Spor salonuna girdiğimde idman yapalım dediği için kalabalık bir grup beklerken sadece Berkan'ı görmemle duraksadım. Çocuklara haber verdiğini söylemişti ama kimse olmadığına göre ya daha gelmemişlerdi ya da hiçbiri öğle arasını idmana harcamak istememişti. Haklılardı çocuklar çünkü zaten her Allah'ın günü ya okuldan önce ya da okuldan sonra bir buçuk saat antrenman yapıyorduk. Haftasonları da buna dahildi ve millet Berkan'dan yılmıştı.
Neydi bu kadar şampiyonluk merakı anlamıyordum. Alt tarafı bir kupaydı ve okullar arası olduğu için büyütülecek bir şey göremiyordum ortada. Gerçi, geçen sene şampiyonluğu kaptırdığı takımı geçen hafta yenmiştik ve bununla fazlasıyla gurur duyuyordu, yani bir yönden iyiydi ama adam birden bire Fatih Terim'in basketbolcu haline bürünmüştü.
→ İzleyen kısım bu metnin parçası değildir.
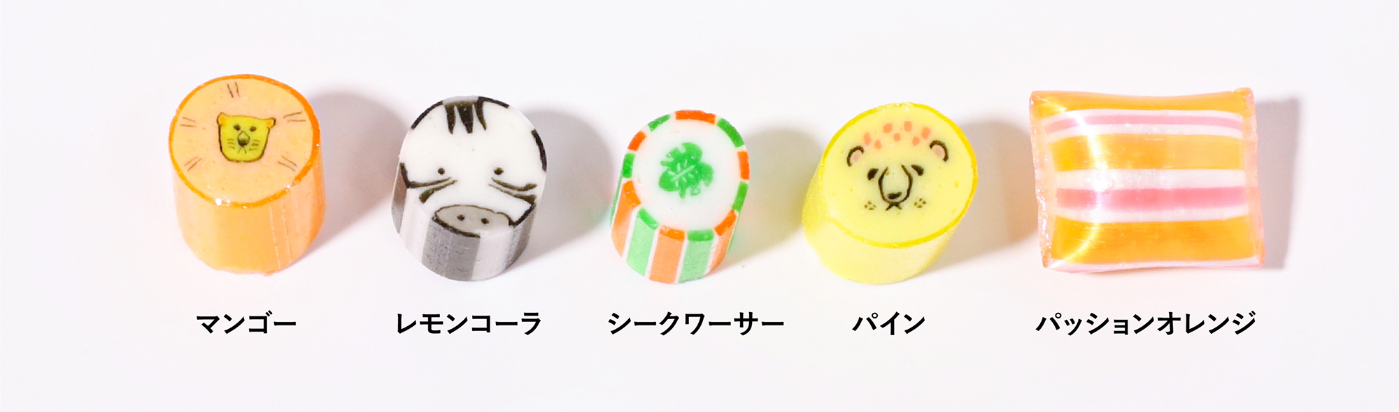 サバンナの草原をイメージした、ライオンやシマウマの顔が可愛いキャンディミックスです。夏にピッタリなパイン、パッションオレンジ、シークワーサーなどのジューシーなフレーバーが口いっぱいに広がります。
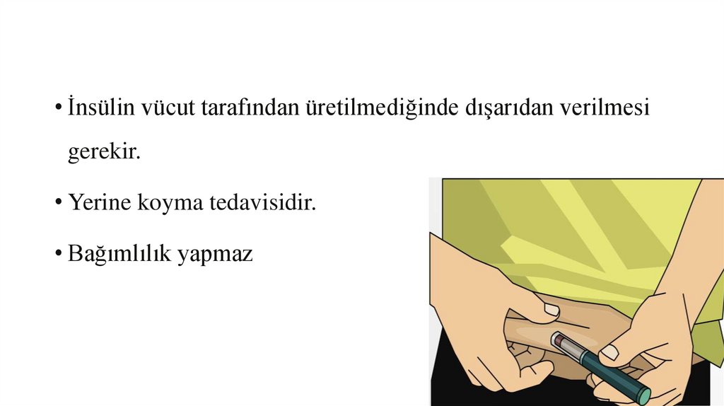 • İnsülin vücut tarafından üretilmediğinde dışarıdan verilmesigerekir.

Girdiğimi fark etmemiş olsa gerek hala ısrarla topla koşmaya ve orta sahadan şut atmaya devam ediyordu. Terden ıslanmış saçları ve hızlı hızlı alıp verdiği nefeslerden dolayı inip kalkan göğsüyle albenisini bir kez daha gözler önüne seriyordu. Ne yazık ki burada etkileyebileceği bir kız yoktu.
"Yıldı millet senden, hala antrenman diye tutturuyorsun," dedim sonunda bacaklarımı hareket ettirip sahaya doğru yürürken.
Durup elindeki topu kolunun altına alarak bana döndüğünde ellerimi pantolonumun cebinden çıkarmadan yürümeye devam ettim.
"Şampiyonluk diyorum kardeşim, şampiyonluk. İstedikleri kadar yılabilirler," dedi boğazını yırtarcasına sert nefesler alıp verirken.
Başımı iki yana sallayarak gözlerimi devirdim. Bir şeye taktım mı takıyordu ve onu durdurabilecek bir insan evladı yoktu bu konuda. Alphan bile onun bu huyuna sinirlense de kaybettirememişti yıllardır.
Elindeki topu bana attı birkaç adım kaldığında, topu göğsümün önünde yakaladığımda sırıttı. Dudaklarını yalayarak eliyle saçlarını karıştırırken gözlerimi ondan alamadım. Aptal gibi davranmayı kesmem gerekiyordu.
"Teke tek," dedi sırıtmaya devam ederken.
Dudaklarımın yukarı kıvrıldığını hissettiğimde bakışlarım topla onun arasında birkaç tur attı. Başımı sallayarak meydan okumasını kabul ettikten sonra başımı çevirip potaya baktım. Sonra tekrar ona bakıp gülümsedim.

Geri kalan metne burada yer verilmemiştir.